Sim, os estaduais são um dos problemas do futebol brasileiro. Talvez eles sejam o problema mais óbvio, aquele que menos faz sentido e por onde normalmente as mudanças devem começar. É evidente que alterar o funcionamento deles não vai resolver todos os nossos problemas, mas ao observar a situação do futebol brasileiro somos acometidos por um ímpeto de acabar com os estaduais. E aí é que começam os problemas.
A palavra não deveria ser “acabar”, mas sim “mudar” (ou “mudar de vez”).
Não resta dúvida que 23 datas é um descalabro com nosso calendário, que o torcedor não tem interesse nesses campeonatos com a fórmula atual e que eles se tornaram um encosto que assombra a todos enquanto alguns poucos espremem as últimas gotas que restam destes bagaços antes que a falta de sentido da qual sofrem terminem de matá-los. Mas é possível reduzir os estaduais a 8 ou 12 datas, fazer com que os grandes joguem sempre no interior e posicioná-los como uma passagem entre a pré-temporada e campeonatos mais competitivos. Não só é possível, como vale a pena.
Vale a pena porque os estaduais fazem parte da história do futebol brasileiro. Há confrontos com passado rico que nunca mais se repetiriam se eles acabassem, casos marcantes para jogadores e torcedores que só são possíveis num ambiente menos moderno e rígido e traços importantes do nosso futebol que vieram desses campeonatos. Como diz Matias Pinto, é importante para o caráter de nossos jogadores que todo ano eles se lembrem da realidade futebolística do interior de seus estados, é algo que só existe no Brasil.
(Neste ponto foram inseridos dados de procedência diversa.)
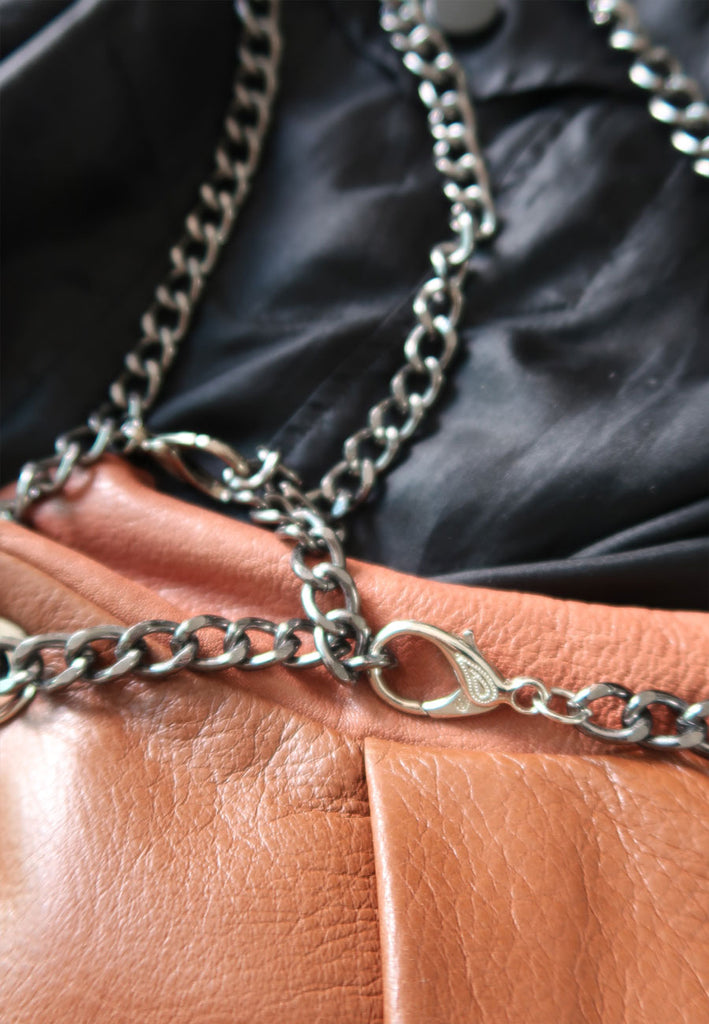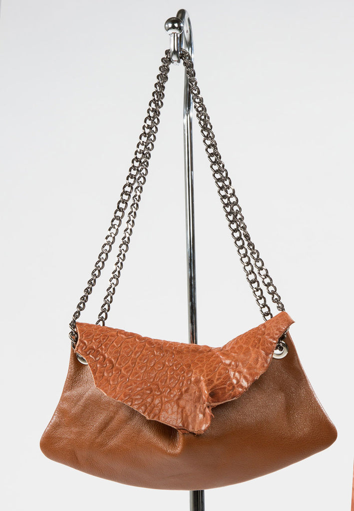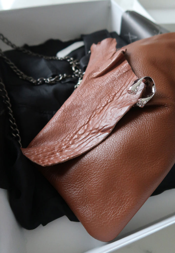 Handmade in Los Angeles using sustainably sourced luxury leather remnants, this crossbody features a raw-edge sculpted flap and a heavy, hand-designed chain strap. Produced in under five units, each piece has its own natural leather variations, bringing a subtle western ruggedness to an otherwise sleek city silhouette.
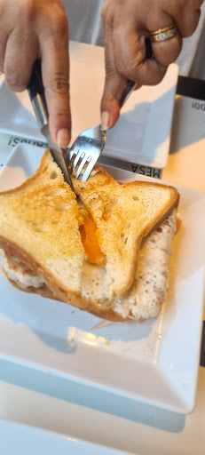 Si quieres probar un restaurante en Sant Cugat que tiene de todo, es este. De todo es desde tostadas, a arroces, pasta, platos combinados, carnes, bocadillos, crepes y un largo etcétera. Quizá por eso mi valoración es un 4, abarcar mucho es imposible. Quizá mejor concentrase en lo que pueden hacer bien. Nosotros fuimos para probar las crep (nombre del restaurante Crep Nova). Pedimos de primero, para compartir, un bikini Huevo Loco, muy correcto y bien hecho si bien el pan de molde es pequeño y justo, pero los ingredientes bien cocinados. Luego decidimos probar un crep, en este caso el Creppe Queso Jamón Serrano (tenéis foto de factura para ver precios). También muy bueno y correcto en calidad y cantidades que ofrece. Se nos ocurrió pedir un plato que siempre nos gusta probar y es el Steak Tartare. Mas que nada por saber que nivel y calidad podría tener. Le damos un 3 sobre 5. Pasable pero no de lo mejor pero correcto. Los postres: Creppe de azúcar y Creppe de chocolate Negro, los dos muy ricos. Tienen buena variedad de creppes de postre, por lo que se puede ir a media tarde a picar algo por ejemplo. El local muy grande y acogedor, disfruta del parking del mercado de Torreblanca pero suele estar bastante lleno. Bien para mesas grandes con amigos (después de pandemia) y sobre todo para disfrutar de una buena terraza exterior. Como digo situado en una buena zona con otras opciones para tomar copas después de la cena o antes o después de ver alguna obra en el Auditori. Bebida una jarra de sangría de lo mas normal, no sobresale, bien correcta. El servicio atento y correcto. Quizá faltaría alguna sonrisa de vez en cuando. Os aconsejamos probarlo y sobre todo agradecemos si os ha gustado un like o cualquier...
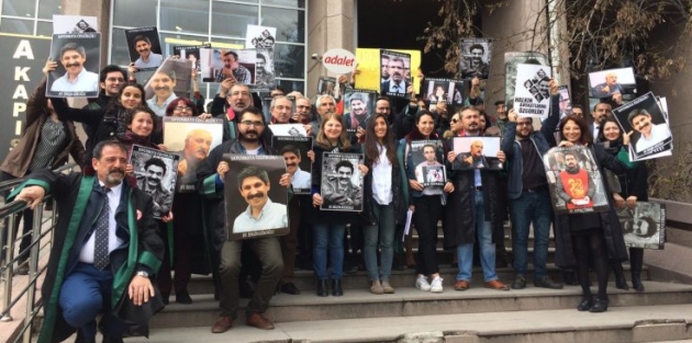 MESLEKTAŞLARMIZ İÇİN ADALET: Sokakta sade vatandaş, yeri geldiği zaman oyunu çaldırmamak için oy çuvallarının başında sabahlayan seçmen, trafiğin neden kapalı olduğunu sorduğu için polislerce iki saat boyunca işkence yapılan vatandaş, gözlerimizin önünde öldürülen barış elçisi Tahir, 10 Ekim’de katledilen Uygar, sesini kısmak için dünya hukuksuzluk tarihine geçen tiyatrodan bozma bir yargılamanın yapıldığı Selçuk, sistematik bir cinayetle intihar süsü verilen Gökhan Vural, adliyelerde sürüklenen isimsiz onlarca meslektaş ve meşrulaştırılmış bir karanlığın cübbelerinden deliler gibi korktuğu adalet üzerine yemin etmiş hukuk muhafızlarıyız.
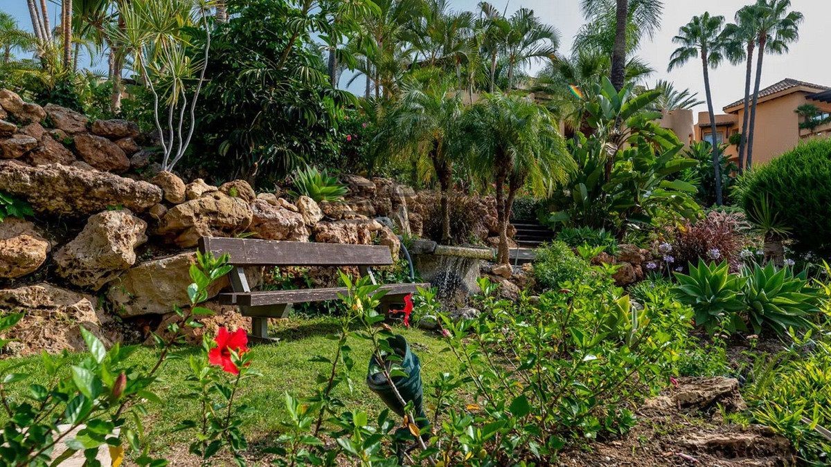 Este complejo residencial con vigilancia 24 horas, rodeado de exuberantes jardines tropicales, piscinas y cascadas, cuenta con una zona SPA, jacuzzi, piscina cubierta y gimnasio, y se encuentra a aproximadamente 2 km del centro de Marbella y de sus playas. Diseñado por el célebre arquitecto Melvin Villarroel, se construyó con materiales de primera calidad y características únicas que le otorgan un carácter distintivo.

Não acho que o fim dos estaduais prejudicaria em demasia a formação de novos jogadores (acredito que esse papel seria, se já não foi, facilmente substituído), mas os grandes tem uma dívida com esses campeonatos: não só por seus torcedores interioranos (que hoje torcem mais para o time da capital do que para o local), mas principalmente porque foi de lá que eles vieram, é lá que estão suas raízes. É como alguém que melhora de condição social e muda de bairro: ele pode continuar a visitar seus amigos de infância bebendo cerveja barata e salgadinhos de má qualidade de vez em quando ou ignorar seu passado e declarar-se bom demais praquele lugar.
Vale a pena salvar os estaduais para contrapor o deslumbramento que dinheiro, estádios novos e transmissões televisivas nos causam, vale a pena salvar os estaduais para preservar a história do futebol nacional, vale a pena salvar os estaduais porque eles são uma tradição importante do Brasil e são parte de nós. Devemos honrá-los e fazê-los serem o melhor possível, ao invés de individualisticamente nos declararmos superiores a eles.
E se você acha todo esses argumentos tradicionalistas, retrógrados, conservadores e ultrapassados demais eu te pergunto: qual seria a graça do futebol sem sua história e tradições?